Prove that there exists infinitely many positive integers $n$,such $nS_{p}(n)+2014n\ge S_{p}(n^2)+2014S_{p}(n)$ 
Prove that there exists infinitely many positive integers $n$
such
$$nS_{p}(n)+2014S_{p}(n)\ge S_{p}(n^2)+2014n$$
or
$$(n+2014)S_{p}(n)\ge S_{p}(n^2)+2014\cdot n$$

Here $S_{p}(n)$ is the sum of the digits of $n$ when written in base $p$,where $p$ is prime
if $n$ is equal to $p^k$,we have
$$nS_{p}(n)+2014S_{p}(n)=n+2014$$
$$S_{p}(n^2)+2014n=2014n +1$$ this case  is  not true for $n=p^k$
 A: This proof does not require that $p$ is prime (it needs only $p$ to be an integer greater than $1$).  Let $\mathbf{r}:=\left\{r_i\right\}_{i=0}^k$ be a sequence of nonnegative integers such that $r_i>2\,r_{i-1}$ for all $i=1,2,\ldots,k$, and define $n(\mathbf{r})$ to be $\sum_{i=0}^k \,p^{r_i}$.  Note that $S_p\big(n(\mathbf{r})\big)=k+1$ and
$$\big(n(\mathbf{r})\big)^2=\sum_{i=0}^k\,\sum_{j=0}^k\,p^{r_i+r_j}\,,$$
so $S_p\Big(\big(n(\mathbf{r})\big)^2\Big)\leq \Big(S_p\big(n(\mathbf{r})\big)\Big)^2=(k+1)^2$.  That is, $$\big(n(\mathbf{r})+2014\big)\,S_p\big(n(\mathbf{r})\big)=(k+1)\big(n(\mathbf{r})+2014\big)\,,$$
while
$$\Big(S_p\big(n(\mathbf{r})\big)\Big)^2+2014\,n(\mathbf{r})\leq (k+1)^2+2014\,n(\mathbf{r})\,.$$
If $k\geq 2014$, then $n(\mathbf{r})\geq k+1$, $(k+1)^2-2014(k+1)=(k-2013)(k+1)$, and $(k+1)\,n(\mathbf{r})-2014\,n(\mathbf{r})=(k-2013)\,n(\mathbf{r})$.  Ergo,
$$(k+1)^2-2014(k+1) \leq (k+1)\,n(\mathbf{r})-2014\,n(\mathbf{r})\,.$$
Consequently,
$$
\begin{align}
\Big(S_p\big(n(\mathbf{r})\big)\Big)^2+2014\,n(\mathbf{r})

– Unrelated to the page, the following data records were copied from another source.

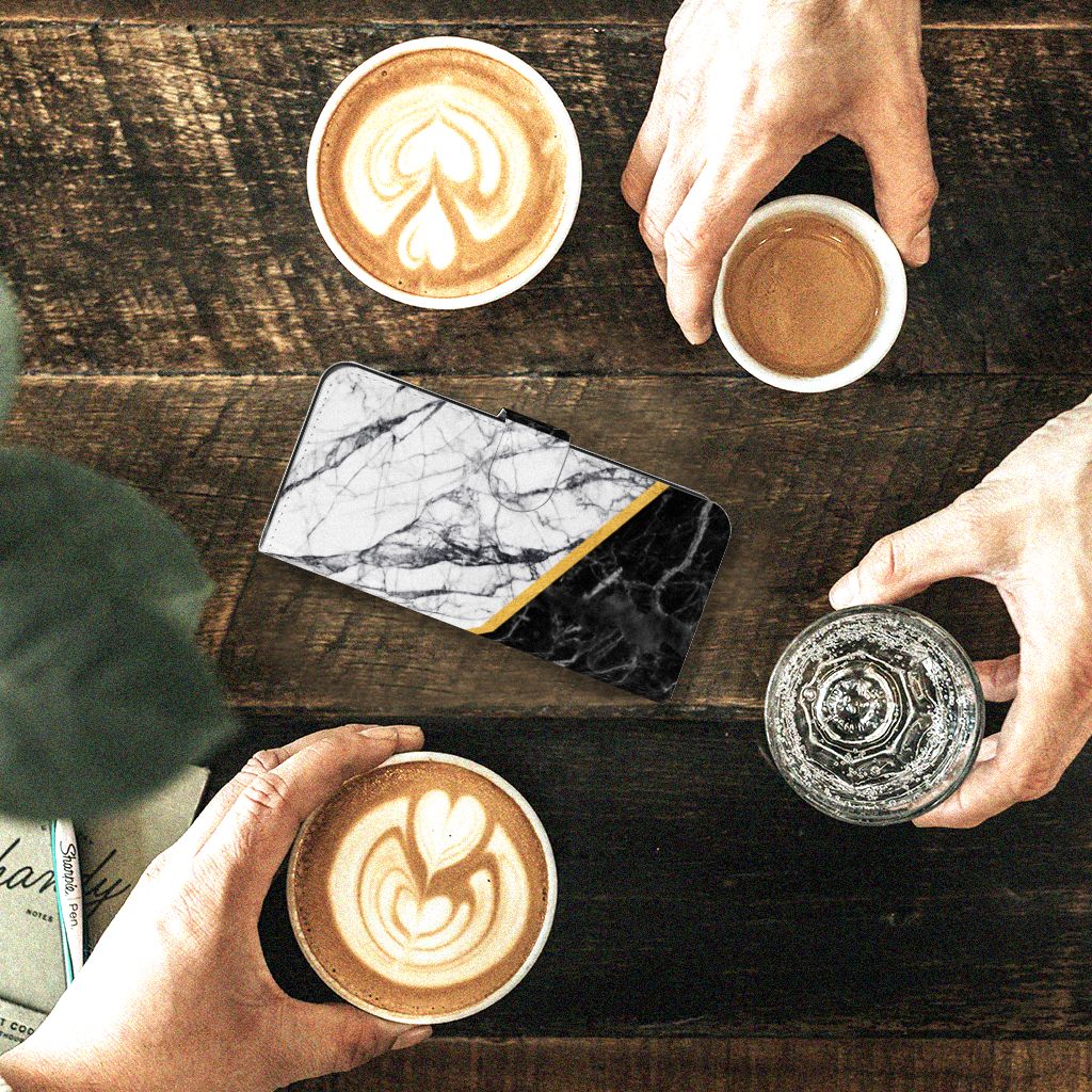 Motorola Moto G13 | G23 Standcase Marmer Wit Zwart - Origineel Cadeau Man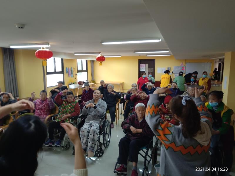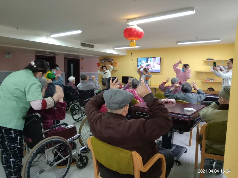 4月4日下午16:00,今日教学如期举行,所授课程为手指操,本次课程有幸邀请到教育科学公司的同学进行授课。教育科学公司18级学前教育二班的郭佳琼、熊雨柔、孔蝶首先组织老人们进行了手指热身活动,随后分两组进行《宝贝宝贝》和《无敌小可爱》的手指操课程,在教学过程中每位老人都全情投入,教学效果良好。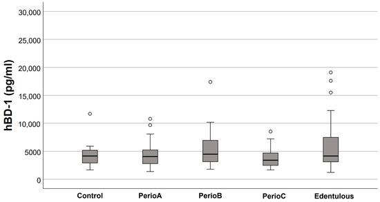 Salivary human β-defensin (hBD)-1 levels in relation to the extent of periodontal destruction (empty circles indicate outliers). No significant differences were found between the groups.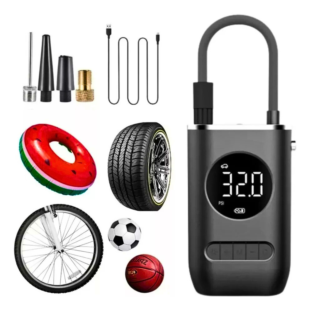 Ugrađeno LED svetlo za noćne situacije, više nastavaka za gume, lopte i bicikle – i brzo punjenje u svega par sekundi! Savršen dodatak za svako vozilo.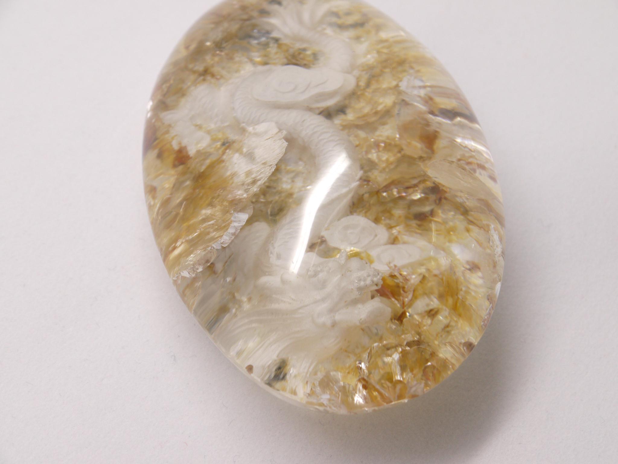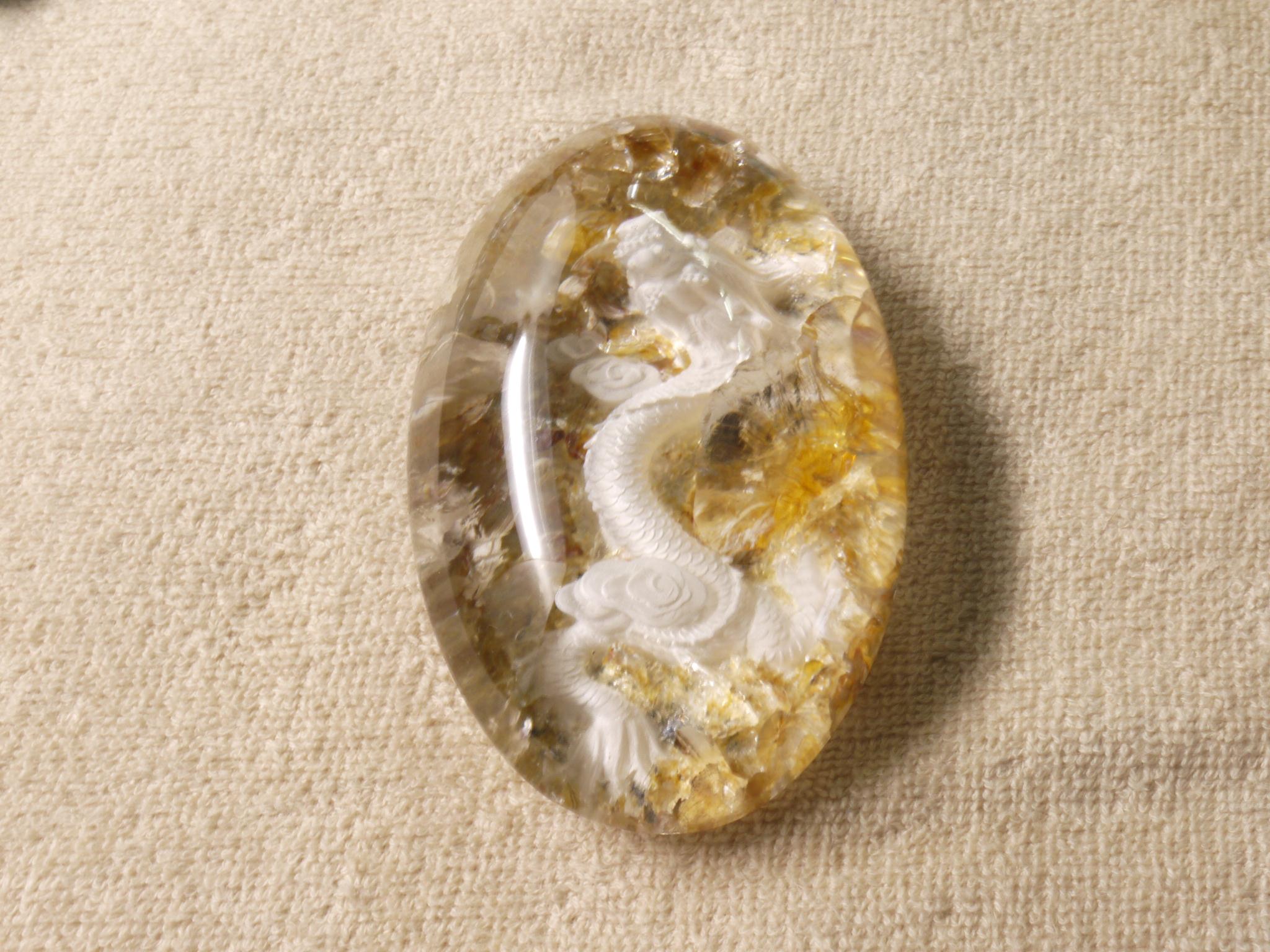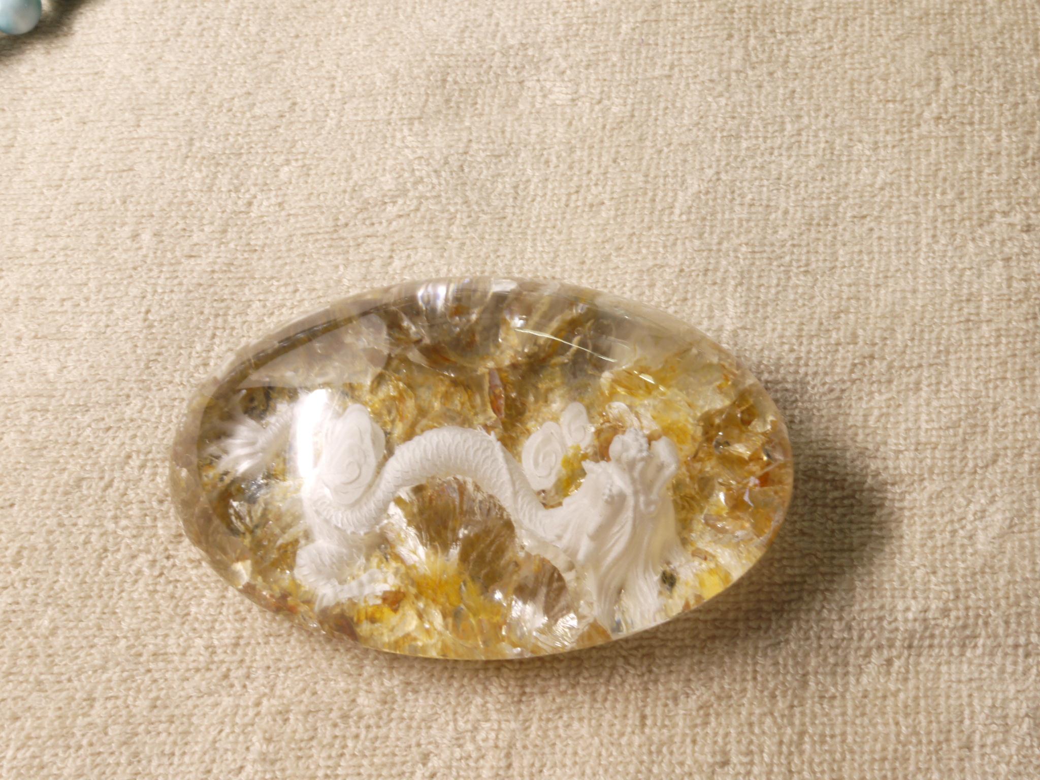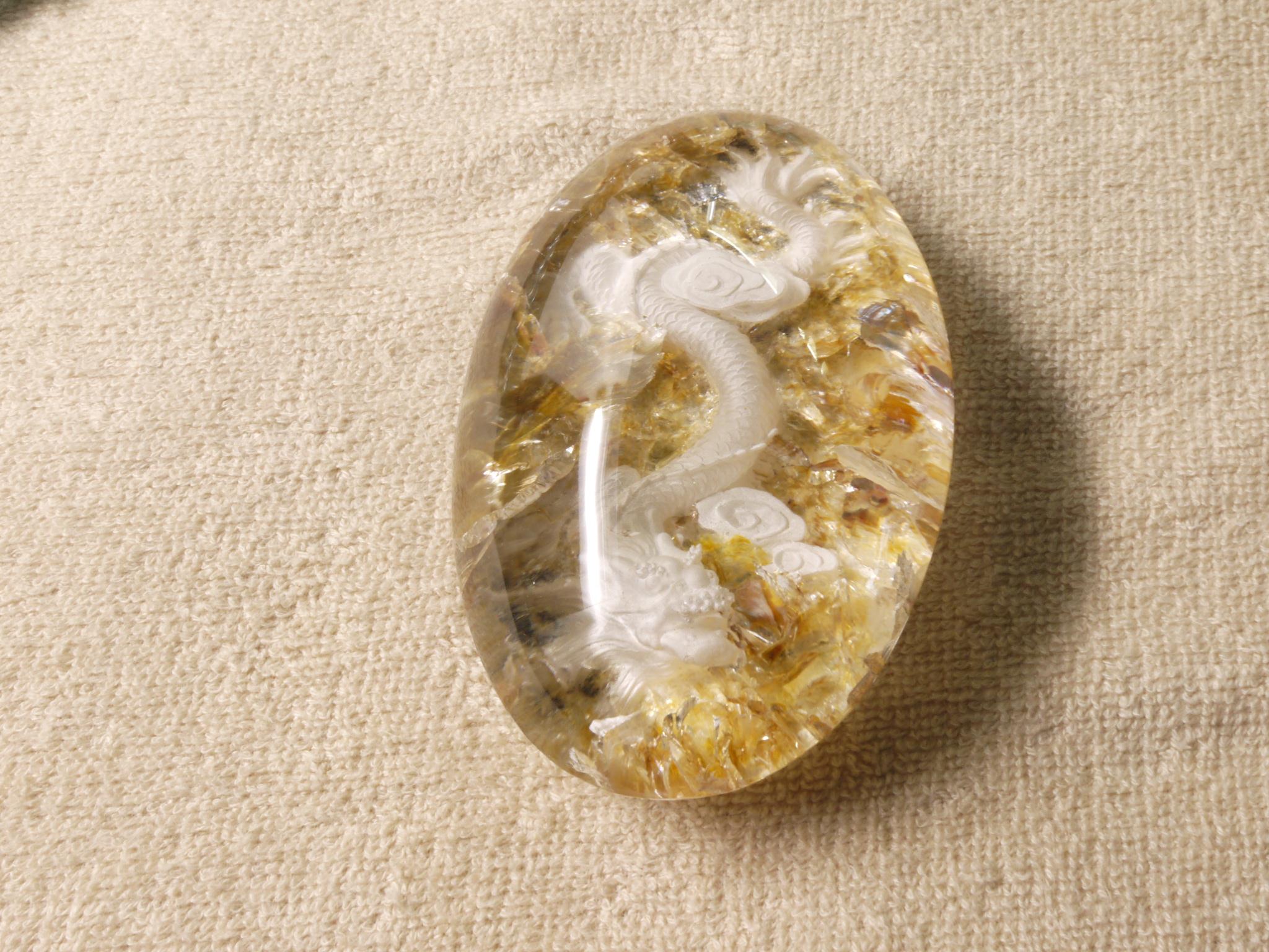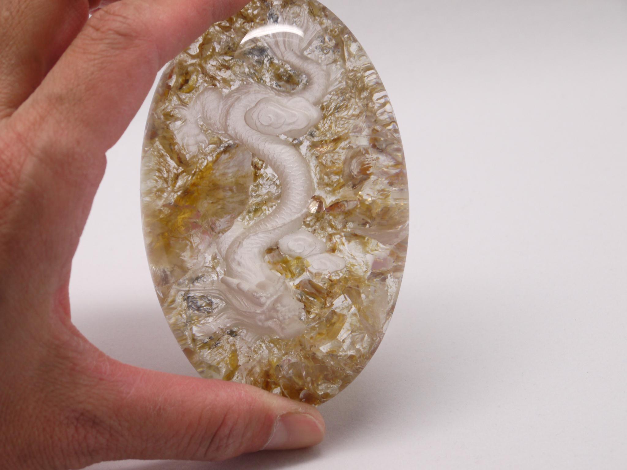 庭園水晶のデザインを生かして、丁寧に手彫りで作成された龍アイテムです。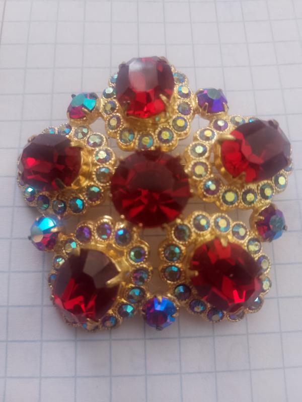 винтажная брошь выполнена в форме цветка с большими красными кристаллами и мелкими переливающимися стразами с эффектом Аврора Бореалис (AB), которые меняют цвет в зависимости от освещения. Подобные украшения часто ассоциируются с бижутерией советского периода или чехословацким производством (Яблонекс), выполненной в позолоте.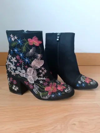 Botines negros con un diseño floral bordado. - Bordados de flores en varios colores. - Tacón grueso.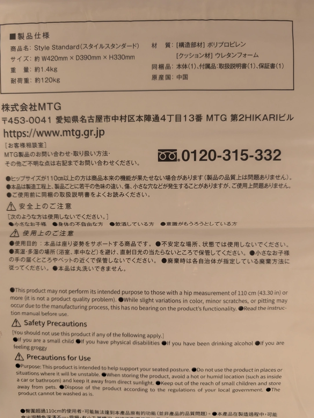 あたたかさMTG Style Standard ボディメイクシート スタンダード 姿勢矯正 骨盤矯正 使用する機会がほとんどないため手放すことにします、数回使用しましたが美品かと思います! 状態等画像にてご確認下さい。 付属品揃っていますが開封済みのため中古品にご理解ある方に。 2025年6月末まで保証期間がありますので大変お得です! 仕様:生地なし カラー:ウォームグレー(ベージュのような色味です) 型番: YS-AQ14 サイズ:W420×D390×H330 重量: 約1.4kg 耐荷重:約120㎏ ボディメイクシートスタイル Body Make Seat Style MTG正規品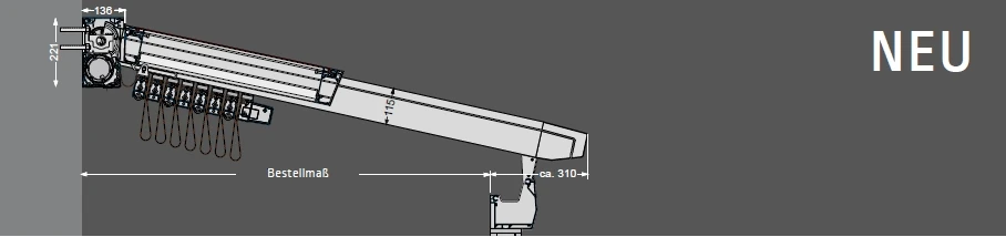 3 Führungschienen je Anlage: ab 601 cm Breite oder 501 cm Ausfall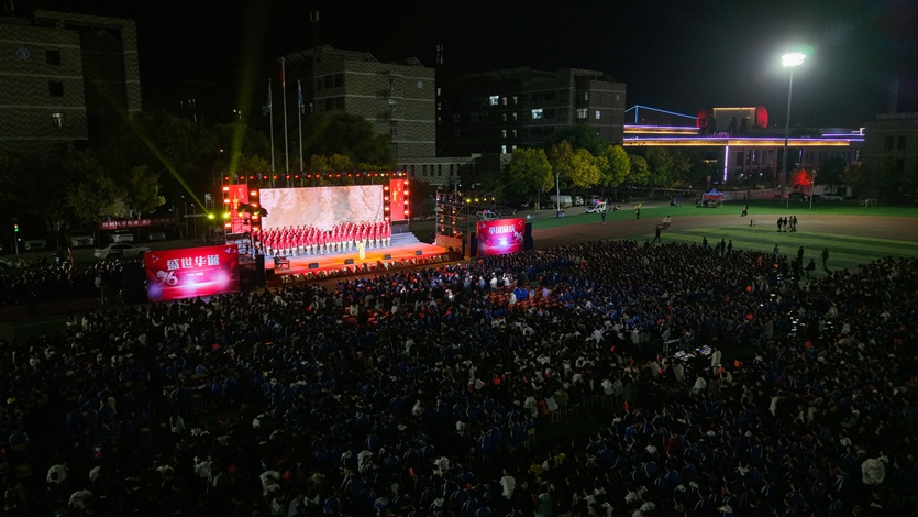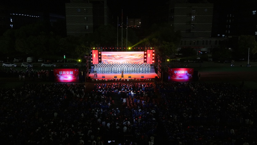 晚19:00,专业系合唱展演在滨河校区操场上演。师生们以优美的旋律、饱满的激情咏唱了必选曲目《保卫黄河》及自选曲目《团结就是力量》《毛委员和我们在一起》《世界赠予我的》《钢铁洪流进行曲》《红色娘子军连歌》《当那一天来临》《祖国颂》等一首首昂扬激越、催人奋进的歌曲,表达了他们对祖国母亲的真诚歌颂和美好祝福,唱响了对伟大祖国的无限热爱,赢得了台下评委老师和同学们的阵阵掌声。收尾环节,六位音乐专业教师还联袂演唱了《我和我的祖国》,歌声高亢激昂,震撼人心。

&\leq (k+1)^2+2014\,n(\mathbf{r}) 
\\
&\leq (k+1)\big(n(\mathbf{r})+2014\big) 
\\
&= \big(n(\mathbf{r})+2014\big)\,S_p\big(n(\mathbf{r})\big)\,.
\end{align}$$
Hence, all integers of the form $n(\mathbf{r})$ satisfy the required inequality.  One can also replace $2014$ by any $N\in\mathbb{N}$ (in which case, $k$ is taken to be at least $N$).